一公の将棋雑記

将棋に関する雑記です。

中井女流六段の奮闘及ばず(第28期倉敷藤花戦第1局)

2020-11-11 00:10:42 | 女流棋戦
5日(木)は関西将棋会館にて、第28期倉敷藤花戦第1局が行われた。里見香奈倉敷藤花に挑戦するのは、51歳の中井広恵女流六段である。中井女流六段はタイトル19期の強豪だが、タイトル戦登場は13年振り。倉敷藤花戦では16年振りで、まさに復活のレジェンドだった。
とはいえ今回の相手は、今をときめく女流四冠。

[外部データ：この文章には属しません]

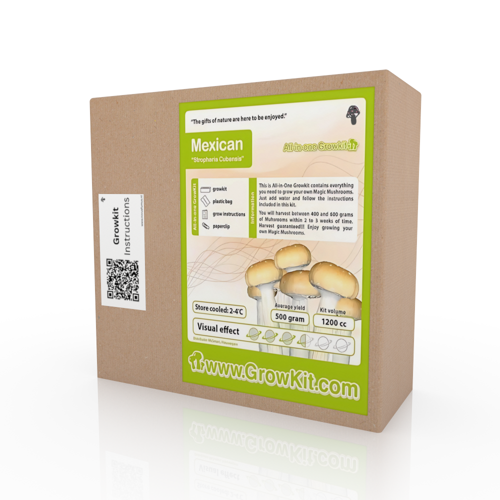 De Mexican paddenstoel staat bekend om zijn milde, heldere tripervaring die ideaal is voor beginnende gebruikers. De growkit is ontworpen voor zowel gebruiksgemak als hoge kwaliteit, wat het een uitstekende keuze maakt voor kwekers van elk niveau.

中井女流六段のタイトル獲得期待値は低く思える。だが中井女流六段の本格的な将棋は、相手が強ければ強いほど本領を発揮するのだ。
それを裏付けるように、両者の対戦成績は6勝6敗である。面白いのは、中井女流六段の5勝が、いまはなき女流最強戦で挙げたもの。同棋戦はネット将棋。中井女流六段は相手の顔を見ないで指すといいのか、同棋戦の第2回から第4回まで3連覇している。この成績が光って、竜王戦にも出場したのだ。
ともあれ中井女流六段に里見倉敷藤花への苦手意識はなく、いい勝負が期待された。
将棋は里見倉敷藤花の先手中飛車に、中井女流六段の左美濃となった。中井女流六段の手厚い棋風は、左美濃と相性がいいと思う。
7筋で飛車交換になり、中井女流六段は▲3七の桂にめがけて△3五歩。この▲3七桂は本当に一長一短で、つねに3六のキズに気を遣わねばならない。
中井女流六段は△3五歩と位を張り、△5二銀と引き締める。ここは中井女流六段が十分に見えた。
数手進んで△6五桂(第1図)が中継ブログにアップされた。
後手の大まかな狙いは、△7七歩▲同桂△同桂成から△3六桂で、これが入れば後手が優勢に見える。
ところが実戦は意外な進行になった。

第1図以下の指し手。▲5八金△7七歩▲3九歩△5一角▲9六歩△3三桂▲7七桂△同桂成▲同飛成(第2図)

里見倉敷藤花は▲5八金と上がる。自ら美濃を崩す、指しにくい手だ。中井女流六段は予定通り△7七歩だが、そこで▲3九歩がすごかった。△7八歩成なら▲同飛成で、△6九飛を生け捕りにできる寸法だ。先の▲5八金も▲3九歩も、このとき後手の飛車が何か駒を取るのを防いでいたのだ。何という読みだろう!
中井女流六段の△5一角は、△9五角と同時に左桂の活用を見たものだが、里見倉敷藤花は▲9六歩と落ち着いたもの。
△3三桂に、やっと▲7七桂と歩を払う。△同桂成に▲同飛成と引き揚げ、これは里見倉敷藤花の受け切りの方針が見えてきた。里見倉敷藤花がこんな将棋も指すのかと、私は唸るしかなかった。

第2図以下の指し手。△3六桂▲2九玉△3四金▲8八金△1五歩▲7八竜(第3図)

中井女流六段は待望の△3六桂だが、里見倉敷藤花は▲2九玉と引いて耐える。この手が指せるのも、▲3九歩の先受けの効果だ。
中井女流六段は△3四金と戦力を増強するが、ここで里見倉敷藤花の▲8八金が、またハッとさせる好手だった。次の狙いは言うまでもなく▲7八竜で、やはり飛車の生け捕りである。中井女流六段はそれが分かっていても防げず、愕然としただろう。中井女流六段も△6九飛と狭いところに打った以上、何かの駒と刺し違える覚悟だったと思うが、里見倉敷藤花はそれさえ許さなかった。将棋はここで終わった。

その後は里見倉敷藤花が飛車を取り切り、中井女流六段も反撃したが、最後は里見倉敷藤花が、後手玉を即詰みに討ち取った。
以上、第1局は里見倉敷藤花の快勝となったが、外野としては勝敗が逆でないと面白くない。それどころか本局は「ニュー香奈」まで出現し、こんな受け潰しの指し方まで見せられたら、中井女流六段も、どう対策を立てていいか分からなくなるだろう。
21日・22日の第2局と第3局は、恒例の倉敷対局である。もう中井女流六段は、無心で戦うしかない。